Administration of the Robinson-Patman Act is in the hands of the Federal Trade Commission, custodian of the Clayton Act which the new law amends.* Hampered by lack of funds, the Commission has been desperately trying to set up administrative machinery for a measure which conceivably might require an NRA staff to enforce it. Not until last week did the Commission get around to cracking down on five corporations in three complaints affecting two homely commodities.
Cheese was one of them. To the astonishment of Board Chairman James L. Kraft of Kraft-Phenix Cheese Corp., the Commission decided that his price lists were discriminatory. Hurt, the cheese man declared: “The prices and discounts now offered were established in a bona fide attempt to comply with the law and in our opinion do comply if any commercially practicable price policy can do so.”
The Commission went out of its way to explain with regard to the Kraft charge that “no allegation is made . . . of bad faith or any subterfuge or secrecy on the part of the respondent in connection with its price policy.” Open to all Kraft customers is a series of discounts from list prices varying with quantity purchased and method of delivery. On Kraft’s loaf cheese a grocer gets 1¢ per lb. off if he buys in lots of from 30 lb. to 149 lb., another 1¢ for lots of from 150 lb. to 749 lb., and on up. On packaged cheese and salad products Kraft allows a 5% discount on orders amounting to $5 or more and requiring only one delivery. To group buyers or chainstores contracting for at least $100 worth of Kraft products per week, delivered at separate stores but requiring only one bill, Kraft also allows a 5% discount. In no case, to either chains or independents, is the discount more than
Nevertheless, that means that a little delicatessen keeper might pay more for his cheese than a chain. And by the Commission’s reading of the law such a state of affairs has led or will lead to a substantial lessening of competition in the U. S. cheese market. If the Commission has its facts straight, it is up to Kraft to prove that its discounts are justified by savings on the larger orders, or that cheese competition has not been affected by its discounts. On virtually the same grounds the Commission also issued a complaint against Shefford Cheese Co. of Syracuse, N. Y.
Rugs were the other concern of the Federal Trade Commission last week. It complained that Bird & Son, Inc. and a subsidiary were selling floor coverings to Montgomery Ward & Co. at lower prices than to independent retailers. As a beneficiary of the alleged discrimination Ward was also cited.
According to the Commission the best price that a retailer could get from Bird on a certain type of rug was $4.24 in lots of 100 rolls or more. Ward got them for $3.64 in carload lots. Even when delivered in small lots to Ward’s retail stores the price was only $3.82. Independent wholesalers, however, got practically as good terms as the big mail order house.

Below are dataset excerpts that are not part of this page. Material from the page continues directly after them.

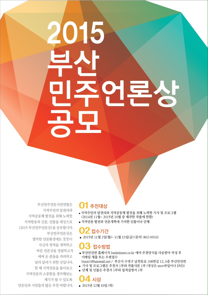 공지사항 2015 부산민주언론상 공모 2015-10-28 bssiminnet Leave a comment 2015 부산민주언론상 공모 2015년 지역 언론을 돌아보고, 바른 언론의 의미를 되새길 수 있도록 많은 관심과 추천 부탁드립니다. * 추천서 양식 2015 부산민주언론상_추천서_양식 부산민주언론상_업적설명서_양식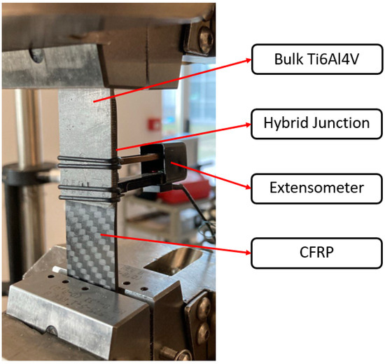 The specimens are subjected to single shear lap configuration testing following the guidelines outlined in ASTM D5868 [28]. A hydraulic machine, specifically the Instron 8516, equipped with a 100 kN load cell, is employed for this purpose. Hydraulic grips are utilized to clamp the specimens securely, mitigating the risk of potential slippage. The clamping pressure is set at 80 bar, a parameter tailored for aluminum materials. The testing velocity is fixed at 1 mm/min, and an extensometer is deployed to measure the elongation of the junction. Positioned on the CFRP side, the extensometer is situated 5 mm from the bottom edge of the metal part, as shown in Figure 6. Notably, the extensometer is removed after an observed elongation of 2 mm and prior to specimen failure.
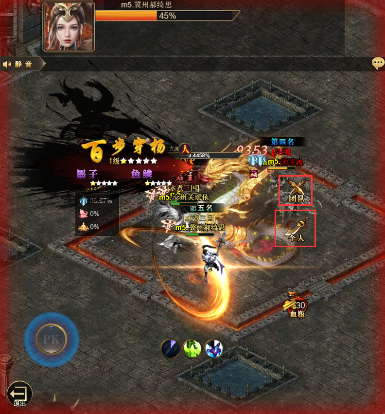 在战斗中你将和在线的势力伙伴们一起打BOSS,战斗一段时间后,系统会根据输出给每个人排名,届时各位主公头上会出现排名,该排名结算会带给战甲玄铁奖励。如果你想提升自己的输出伤害,还可以点击旁边的“团队”或“个人”按钮,花费金子就可以提高啦。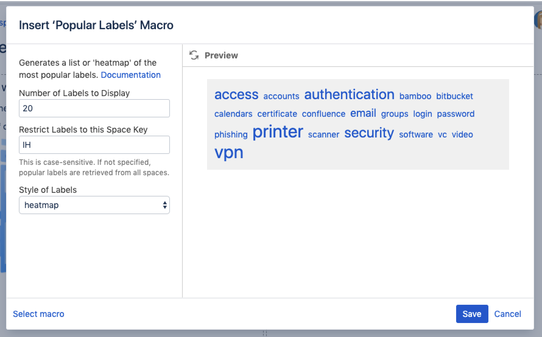 Screenshot: The Popular Labels macro showing a heatmap of the 20 most popular labels.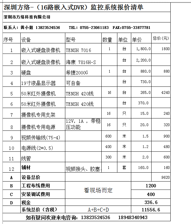 出租屋监控安装 16路监控系统报价参考: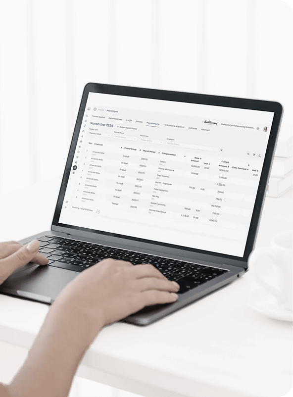 องค์กรจะได้รับการดูแลอย่างใกล้ชิดตั้งแต่วันแรกของการเริ่มให้บริการ โดยทีมผู้เชี่ยวชาญของ Humanica ซึ่งจะประสานงานและทำงานร่วมกับผู้รับผิดชอบงานบัญชีเงินเดือนขององค์กรอย่างต่อเนื่อง เพื่อให้การดำเนินงานเป็นไปอย่างถูกต้อง แม่นยำ และราบรื่นในทุกขั้นตอน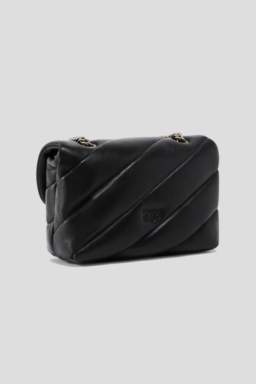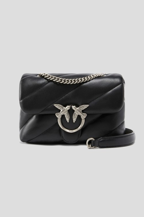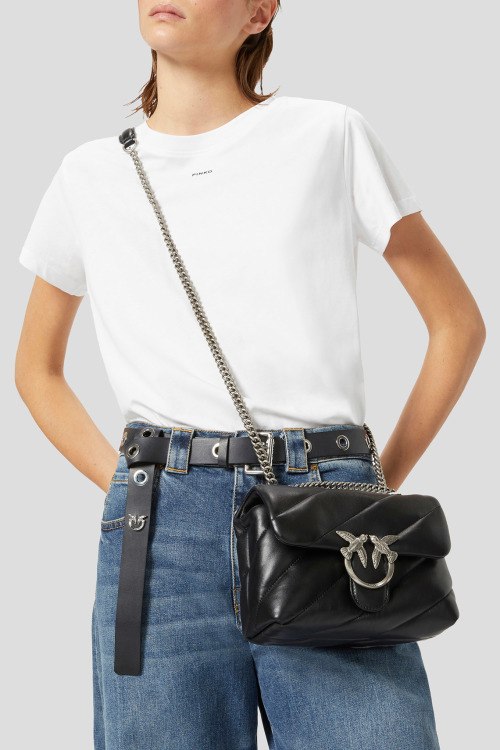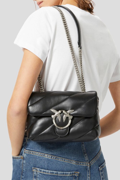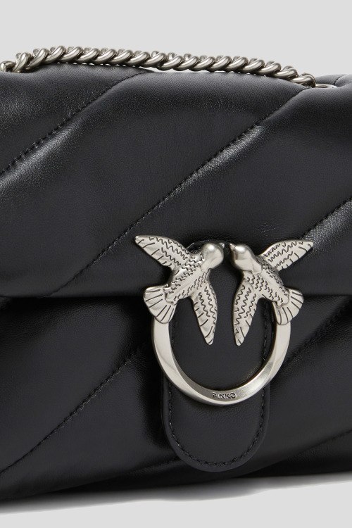 Детали: Женская черная кожаная сумка кросс-боди Love Mini Puff от Pinko (Пинко). Модель из гладкой кожи, стеганый дизайн, логотип Love Birds, серебристая фурнитура, застежка на магнит, одно отделение, цепочка на плечо. Размеры: высота: 15 см, ширина: 9 см, длина: 21 см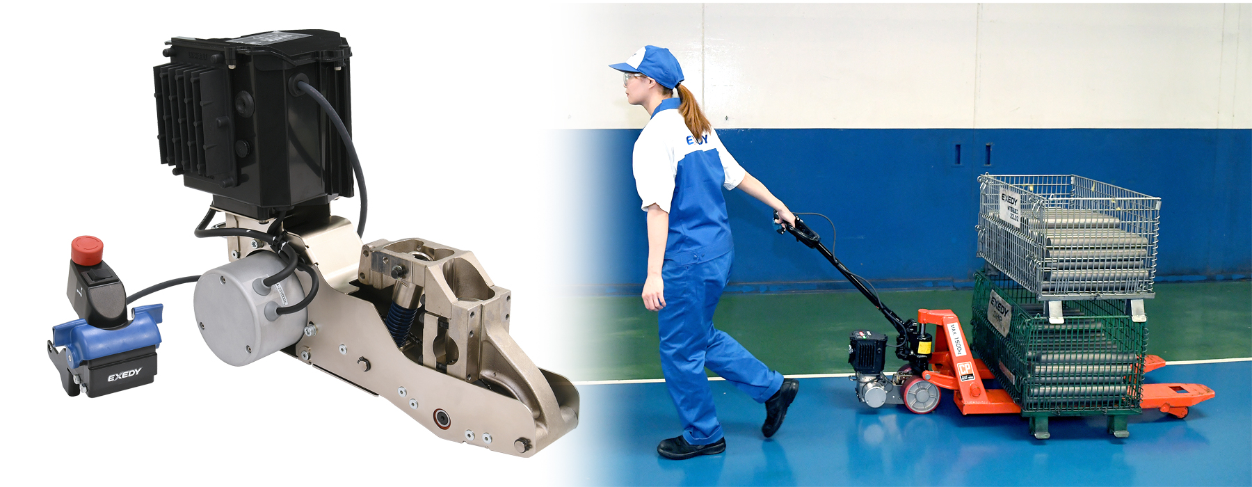 運搬作業における作業者の負担軽減や安全安心のために、駆動・電動化技術を活かして開発した、汎用性の高い電動駆動ユニットです。パレットトラック等の低速モビリティに後付けが可能で、重量物の運搬をアシストします。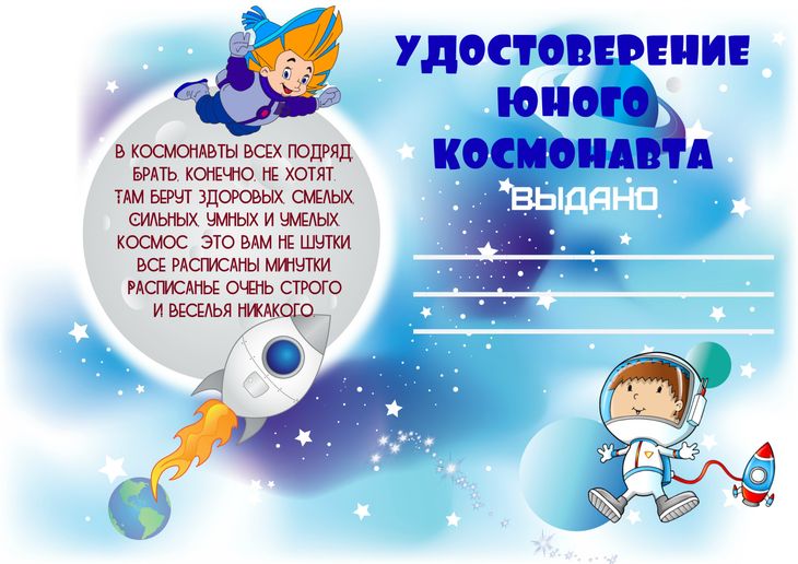 «Удостоверение юного космонавта»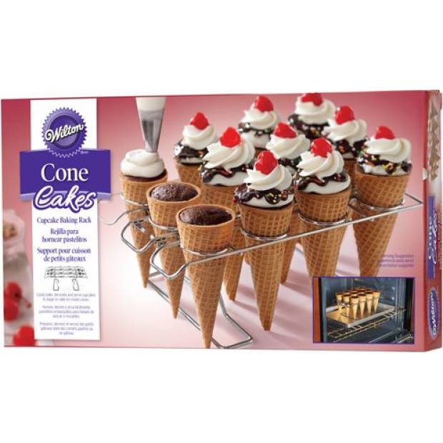 Moderní stojan na kornouty  je perfektní způsob, jak udělat skvělé letní zmrzlinové dezerty.  Snadno pečte, zdobte a podávejte kornoutky se zmrzlinou či pařízskou šlehačkou. Stojan má 12 kónických šálků. Vhodné pro podávání dezertů při grilování nebo na pikniku. Vhodné pro běžné zmrzlinové kornouty.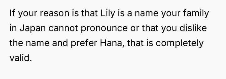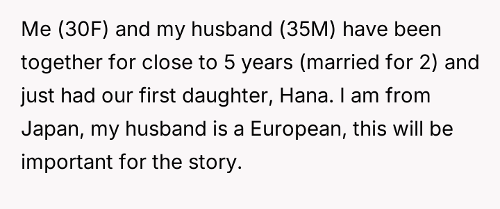 The original poster (OP), a 30-year-old woman from Japan, and her 35-year-old European husband recently welcomed their first child, a daughter named Hana. Before the birth, the couple discussed names extensively.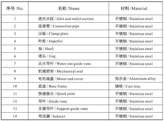 (2) 泵關鍵零部件泵體、導葉、葉輪、泵軸等與水有直接接觸的均(jun1)采用(yòng)不鏽(xiù)鋼材料製造。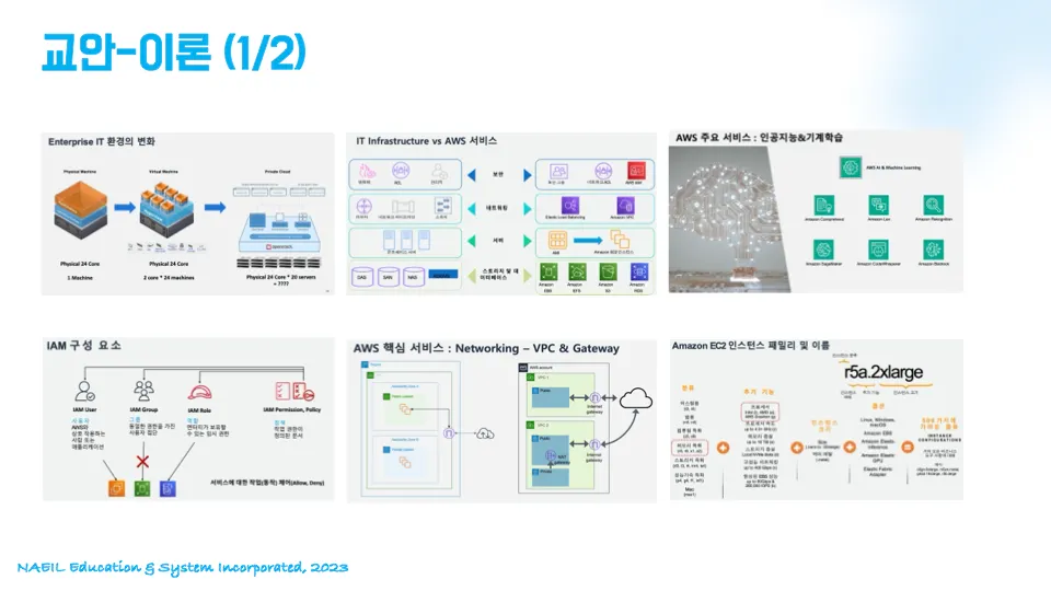 교육 주요 내용 : 클라우드컴퓨팅 개념, AWS 서비스 실습(EC2, S3)

Ward’s President Sewell Lee Avery had no comment to make on his end of the rug case but President Benjamin H. Roberts of Bird & Son declared: “The transaction involved in this case was made prior to the passage of the Robinson-Patman act. . . . Bird . . . has exercised great vigilance in endeavoring to observe this law and avoid any controversy. The issue in the case is of such a character as to probably clarify some doubtful provisions of this law.”
The issue presented in the Ward-Bird complaint did indeed raise some knotty problems for U. S. merchants and manufacturers. In some cases big buyers may be driven even further into their own manufacturing operations. In others the manufacturers may have to choose the type of customer they intend to sell to, for the law seems to preclude the wide price differential necessary to retain both a wholesale and a retail trade.
* One of the most confusing features of the Robinson-Patman Act is a separate criminal section which is inconsistent with the rest of the law and administered by the Department of Justice.